Открыв новую, разлитую по всей жизни «идеальность», Сервантес поистине наслаждается ею на всем протяжении своего повествования. Только двор герцога и ряд более или менее «привилегированных» персонажей, которые полностью растеряли идеальность минувшего века и не обрели новой, предстают в романе пустыми, ограниченными и пошлыми. В то же время и пастухи, и крестьяне, и прозаичный хозяин постоялого двора, и служанки, и Хинес излучают веселость, искренность, бескорыстное плутовство и несут в себе, может быть, неясную, но несомненную искру творчества. На них нет мертвенных следов заранее очевидной ограниченности, они в самом деле способны стать чем-то иным, более полным и богатым. Эти же черты в той или иной мере свойственны и героям Кеведо, Сореля, Гриммельсгаузена. Хочется напомнить сказанное в другом месте тем же Гегелем. Имея в виду картины Мурильо, «изображающие юных нищих», Гегель говорит об этих испанских шедеврах: «С внешней стороны предмет изображения носит здесь вульгарный характер.

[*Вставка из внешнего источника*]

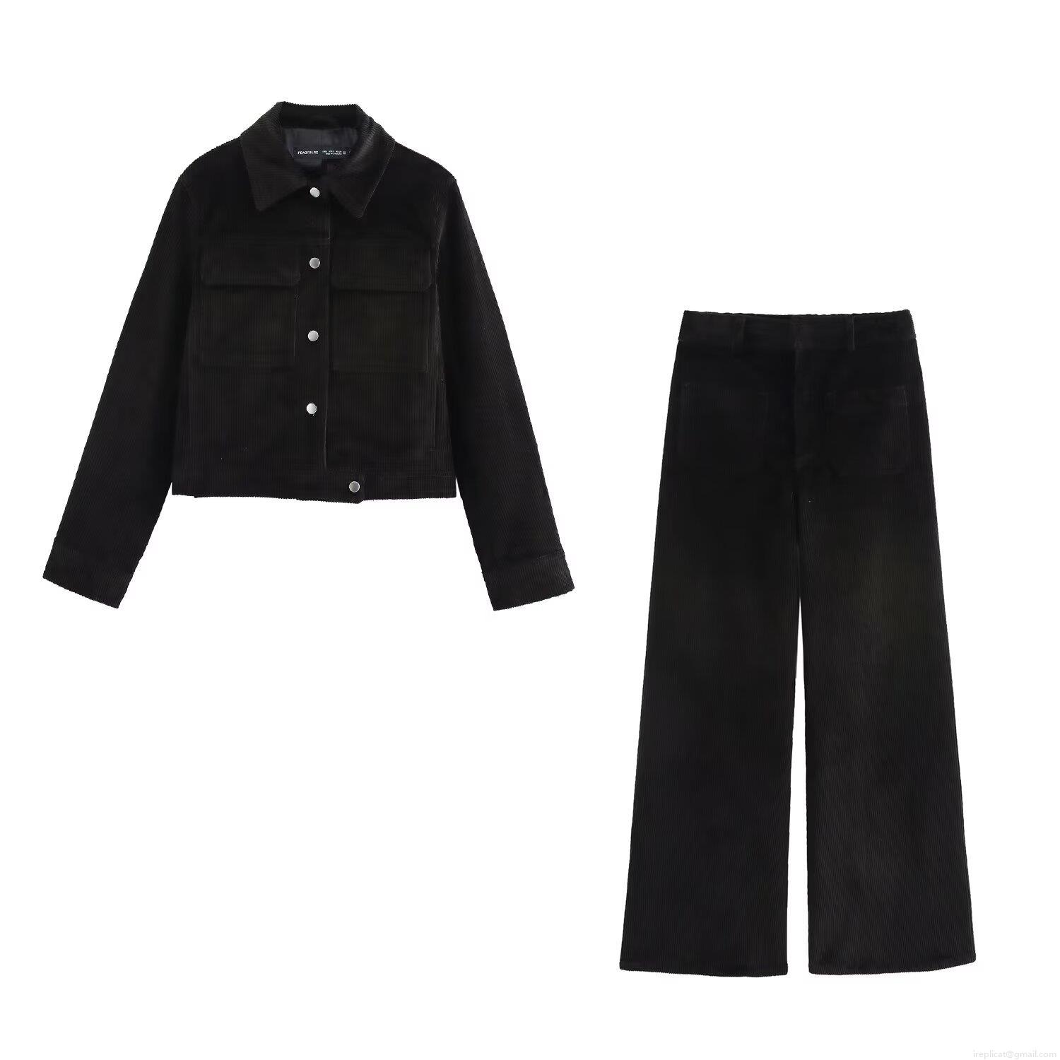 • Women's Black Corduroy Two Piece Set Fashion Short Utility Jacket And High Waist Wide Leg Pants Streetwear Casual Suit Solid Color Long Sleeve Button Coat Trousers Outfits

Мать ищет вшей в голове мальчугана, а он в это время спокойно жует свой кусок хлеба; на другой картине двое других мальчишек, ободранные и нищие, едят дыни и виноград... Сразу видно, что у них нет никаких других интересов и целей, но не вследствие тупости: они сидят на корточках довольные и счастливые почти как олимпийские боги... Они — вылитые из одного куска, цельные люди... без всякого разлада в душе (это присуще и героям плутовского романа. — В. К.), а при наличии этой основы... у нас получается представление, что из таких мальчуганов может выйти все самое лучшее» (Соч., т. XII, стр. 173 — 174).

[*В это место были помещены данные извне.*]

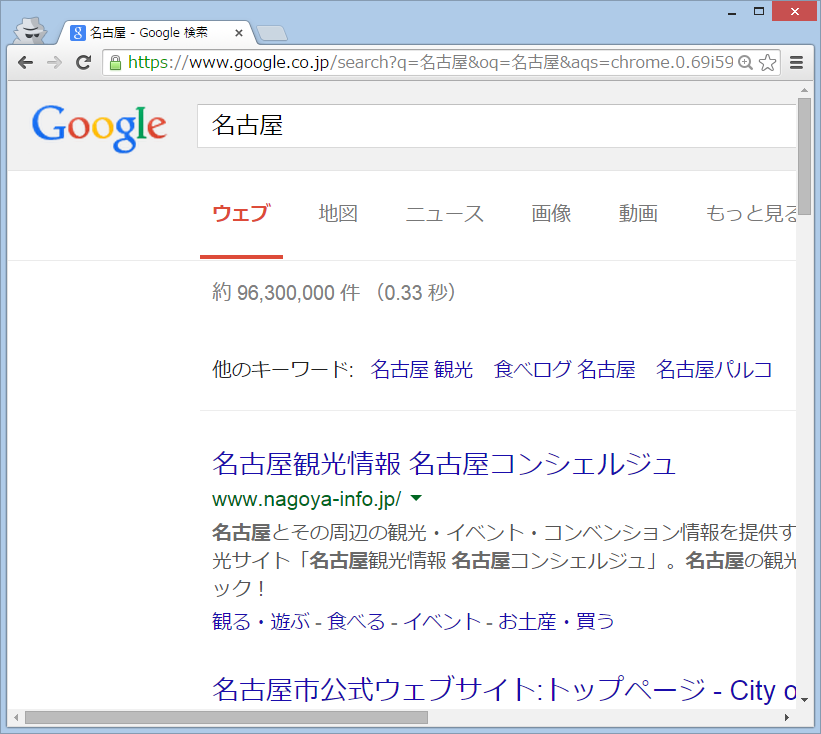 たとえば「名古屋」に関連する情報を探したいときには、以下のように入力エリアに「名古屋」と入力し、検索を実行することで、情報を探し出すことができます。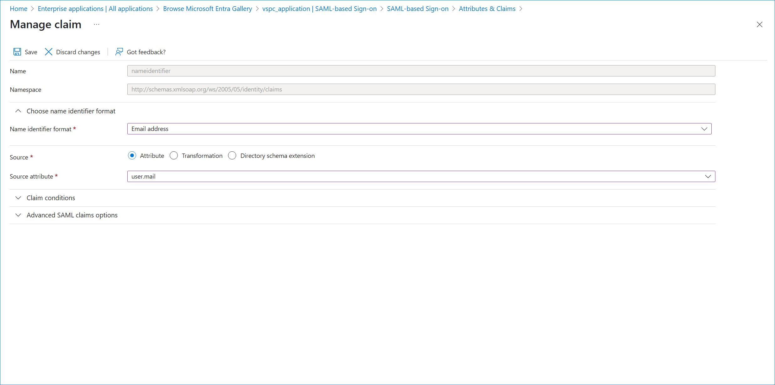 3. Click the Unique User Identifier (Name ID) claim to modify claim settings.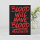 Denna design har ett citat från Shakespeares Macbeth "blod kommer att ha blod".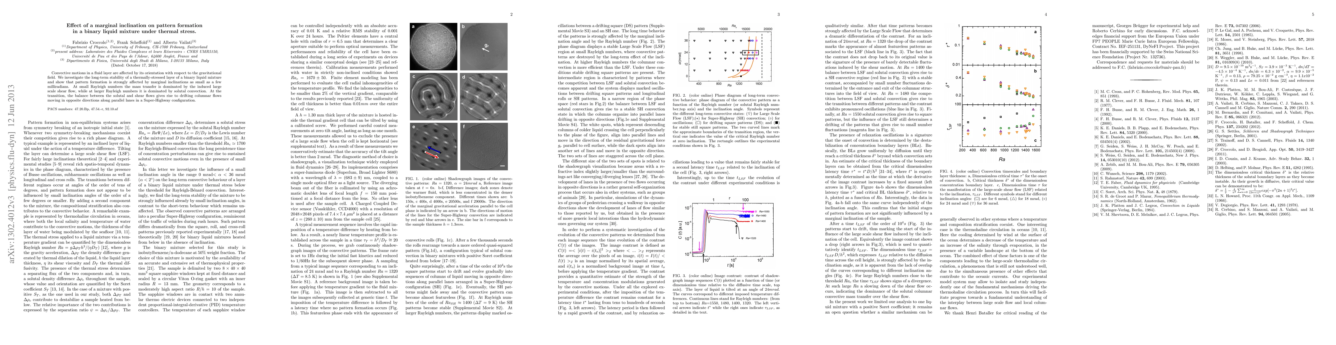 This study examines how slight inclinations impact pattern formation in a thermally-stressed binary liquid mixture, revealing that marginal inclinations as small as a few milliradians significantly affect the mixture's stability. The research highlights a transition between shear-flow-dominated mass transfer at low Rayleigh numbers and solutal convection dominance at higher numbers, leading to unique drifting columnar flows.

Новаторское содержание романа порождает столь же небывалую и своеобразную форму. Однако прежде чем ставить вопрос о форме романа, понимание которой и является нашей конечной целью, остановимся на проблеме зарождения русского романа. Хотя расцвет этого жанра в России начинается лишь в XIX веке, уже к середине XVIII века он вызывает громадный теоретический и практический интерес среди русских литераторов и читателей[103]

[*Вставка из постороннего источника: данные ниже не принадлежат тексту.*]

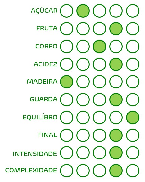 sobressaem notas vivas e frescas. Paladar fresco macio e de acidez equilibrada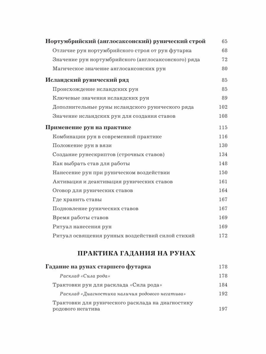 книга собрала в себе всю подробную информацию о рунах старшего футарка, англосаксонских и исландских. книга полезна, как пособие-учебник для новичка, так и для опытных практиков. самое главное что мне понравилось, есть диагностики для определения с описанием. особенно " Сила Рода", "родовой негатив " и для определения эзотерических способностей с трактовкой!
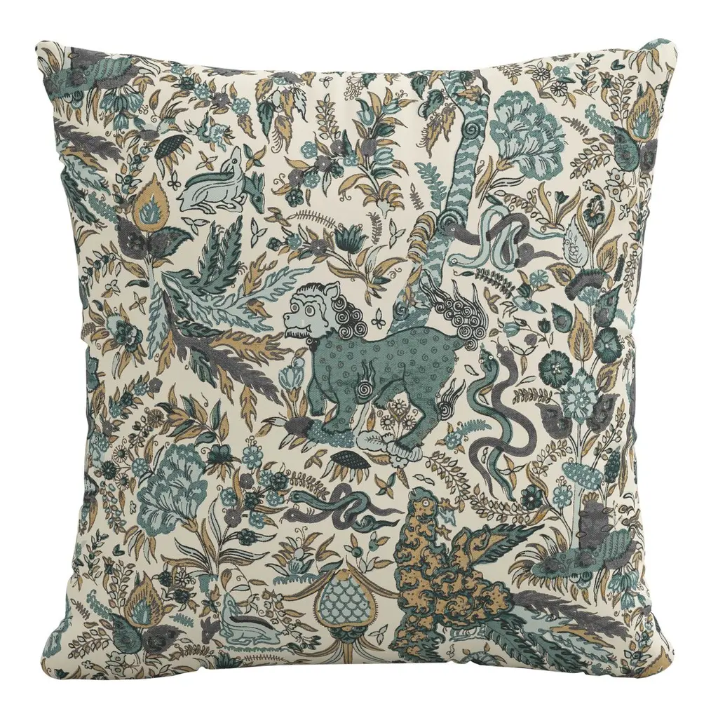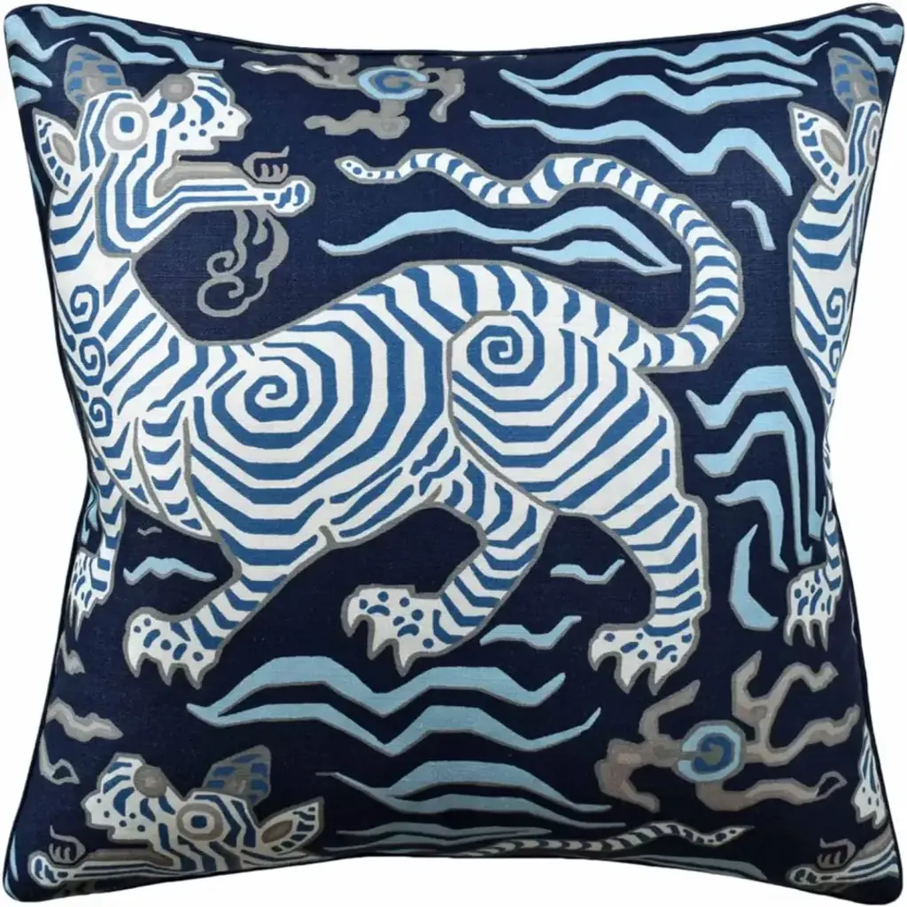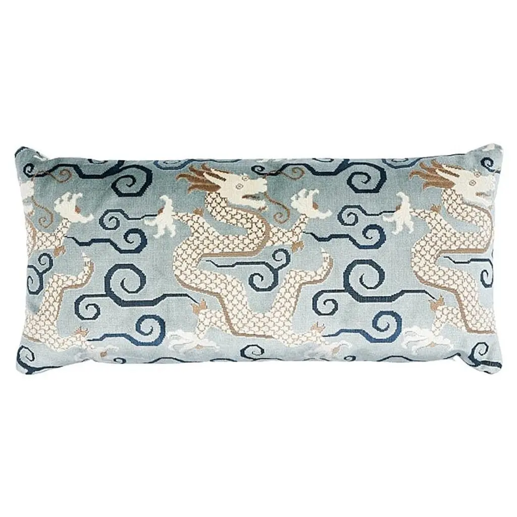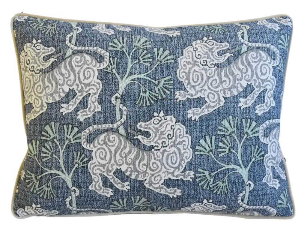 Chinoiserie Asian Blue Gray & Cream Lion Dragon Feather/down Pillow 24" X 18"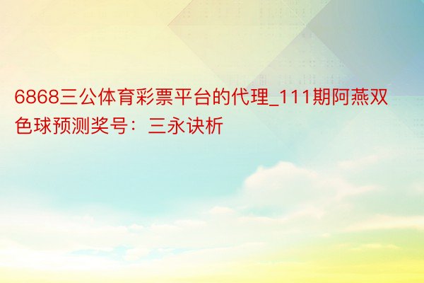 6868三公体育彩票平台的代理_111期阿燕双色球预测奖号:三永诀析

. Кроме того, еще ранее, во второй половине XVII века, начинается стихийное формирование жанра.Глава шестая. ИСТОКИ РУССКОГО РОМАНА
1. О России второй половины XVII века.
С середины XVII века начинается «новый период русской истории» (Ленин). Значительный сдвиг в развитии производительных сил, в том числе в зародившейся промышленности, резкое возрастание торговли, обмена между ранее обособленными областями, постепенное образование единого рынка, небывалая интенсивность и многообразие связей с другими странами и т. д. порождают новую фазу в жизни общества. Сложившаяся за предшествующие два столетия экономико-политическая форма русского феодализма, представляющая собой систему воеводств и боярских и церковных вотчин, тяжко сковывает дальнейшее развитие. Крестьяне, торгово-ремесленный люд, мелкое дворянство и духовенство под различными лозунгами борются против властей, и их борьба объективно оказывается единой антифеодальной борьбой.
Эта борьба ярко выразилась в московских восстаниях 1648, 1654 и 1662 годов, в бунте поволжских крестьян в 1662 году, в мощном восстании 1666 года под руководством Василия Уса и, наконец, в крестьянской войне Степана Разина (1667 — 1671). В это же времяпроисходят своего рода «религиозные войны» — церковный раскол, порождающий восьмилетнее Соловецкое восстание. Несмотря на все многообразие субъективных интересов и идей этих движений, они имели объективно общую цель — уничтожение власти светских и церковных князей и создание «доброй» и «справедливой» ко всем центральной власти, которая смогла бы обеспечить более свободное и самостоятельное развитие всех слоев населения; это стрежневое стремление борющихся достаточно ясно выразилось уже в челобитной восставших в 1648 году москвичей к царю: «Твои властолюбивые нарушители крестного целования, простого народа мучители и кровопийцы и наши губители, всей страны властвующие нас всеми способами мучат, насилья и неправды чинят»[104]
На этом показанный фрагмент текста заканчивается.